We also characterized the best storage option of our DCC-siRNA-EMVs to evaluate the most cost/effective storage option for long-term potential treatment. We concluded that disaccharides—sucrose and trehalose—are our system’s best cryolyoprotectant, leading to minimal payload loss upon rehydration. Sucrose FD-DCC-siRNA-EMVs retained the ability to induce RNA interference (Figure 6). Upon storage at 4°C, the EMVs caused phospholipid loss over time and a significant increase in size. Such storage lesions have already been reported for whole red blood cells and are connected to oxidative stress and subsequent EVs release.¹²⁴ As reported in,¹²⁵ larger extracellular vesicles may arise from the fusion of smaller protein/lipid complexes released during the early stages of storage. These data, taken together with the findings of siRNA leakage upon storage, lead us to speculate that a budding mechanism, similar to that observed for whole RBCs, is maintained in EMVs. An inner membrane-bound proteasome has been previously reported^59,126 and confirmed in⁵ and,¹²⁷ and despite being the main target of hemoglobin, it can also digest Band 3 and glycophorin A proteins, thus explaining the colloidal instability of stored EMVs and the presence of storage lesions. However, whether this protease activity might play a role in transfection efficiency and tumor ECM diffusion has yet to be elucidated.

Conclusion

Red blood cells are the ideal starting material for a biomimetic and biocompatible nanodelivery system with low immunogenicity and prolonged circulation time. Additionally, the intriguing mechanical properties of their cytoskeleton lead to interesting soft-matter stiff nanoparticles. We developed an easy and repeatable procedure that allowed us to obtain a high encapsulation efficiency of a therapeutic nucleic acid, siRNA, in a relatively short amount of time.
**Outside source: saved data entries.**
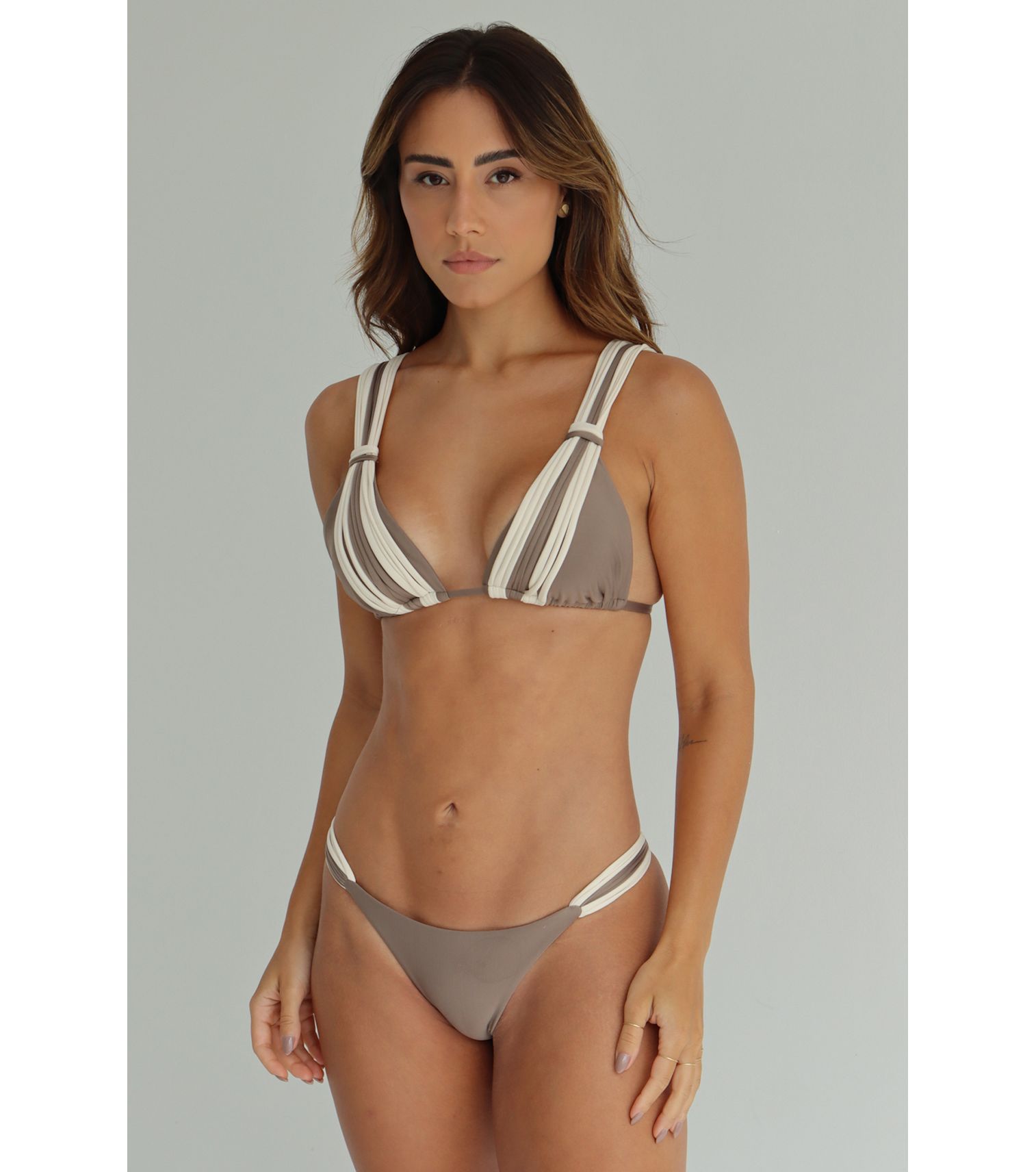 Castanho top de biquíni cortinão com alças tiras bicolor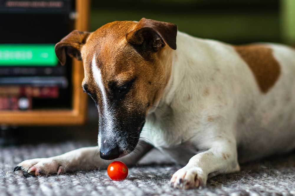 - Tomate: El tomate contiene algunos compuestos como la solanina y tomatina que pueden causar indigestiones en los perros. En este blog te contamos más sobre como dar o no tomate a un perro.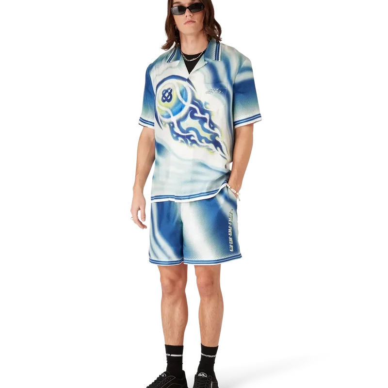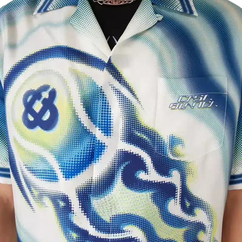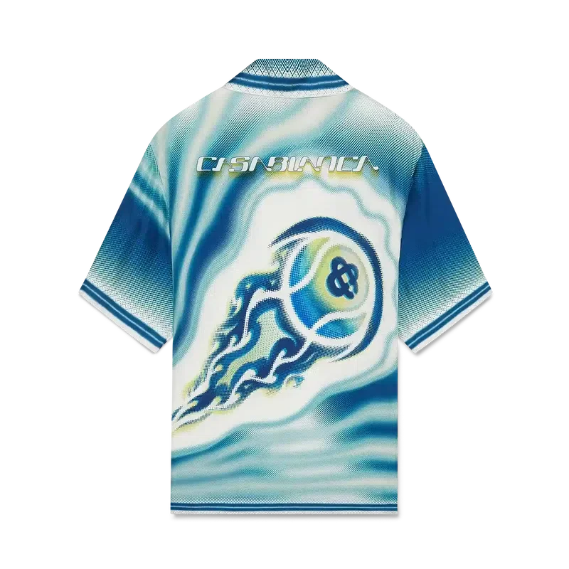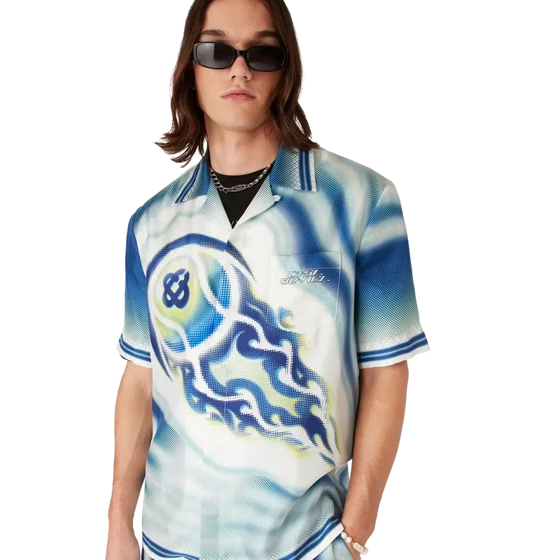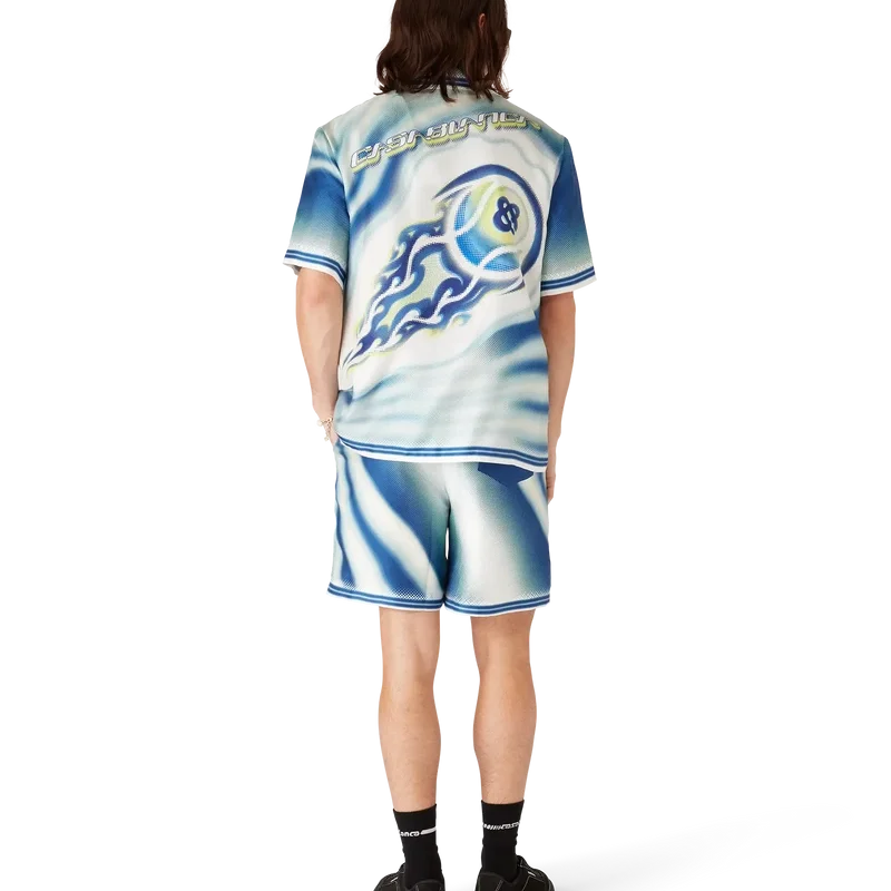 Het Art of the Serve zijden overhemd met korte mouwen heeft een all-over print met het kenmerkende tennisbalmotief van het huis in vlucht, dat de fundamentele balans tussen kracht, snelheid en controle weerspiegelt. Afgewerkt met een Cubaanse kraag, Casablanca-logo, knoopsluiting, Corozo-knopen met het Cc-logo, een borstzakje en gestreepte randen op de kraag, manchetten en zoom.<!–

Despite relying only on passive targeting, our erythrocyte membrane vesicles, in vivo, had a remarkable circulation time and safely delivered their payload to tumors. The passive high accumulation of these objects in the lungs may lead to the development of new therapies for lung cancer. We were therefore able to develop a simple, cost-effective, therapeutic nucleic acid carrier that is also prone to easy scaling-up. Most importantly, the patient’s own blood might be used, avoiding immune reactions, for actual personalized medicine. As of 2024, many nanoparticle-siRNA formulations (such as CALAA-01, ARC-520) fail in clinical translation due to off-site accumulation and knock-down of off-target mRNAs, insufficient gene knock-down in target tissue, and hepatic or kidney toxicity. Therefore, for a successful drug approval, not only the TNA sequence must be carefully tailored and chemically modified (incorporation of locked-nucleic acids, methylation of the guide strand in position 2)¹²⁸ to avoid unwanted knockdown, but also carrier tropism needs careful tuning to ensure the lowest possible effective dose without significant side effects. Future developments for these carriers will include active targeting tumor sites, to avoid healthy cells accumulation, and simultaneous loading to a reporter agent to obtain an all-in-one theranostic agent. Furthermore, we aim to quantitatively investigate the correlation between soft-matter nanoparticle shapes and their tissue penetration.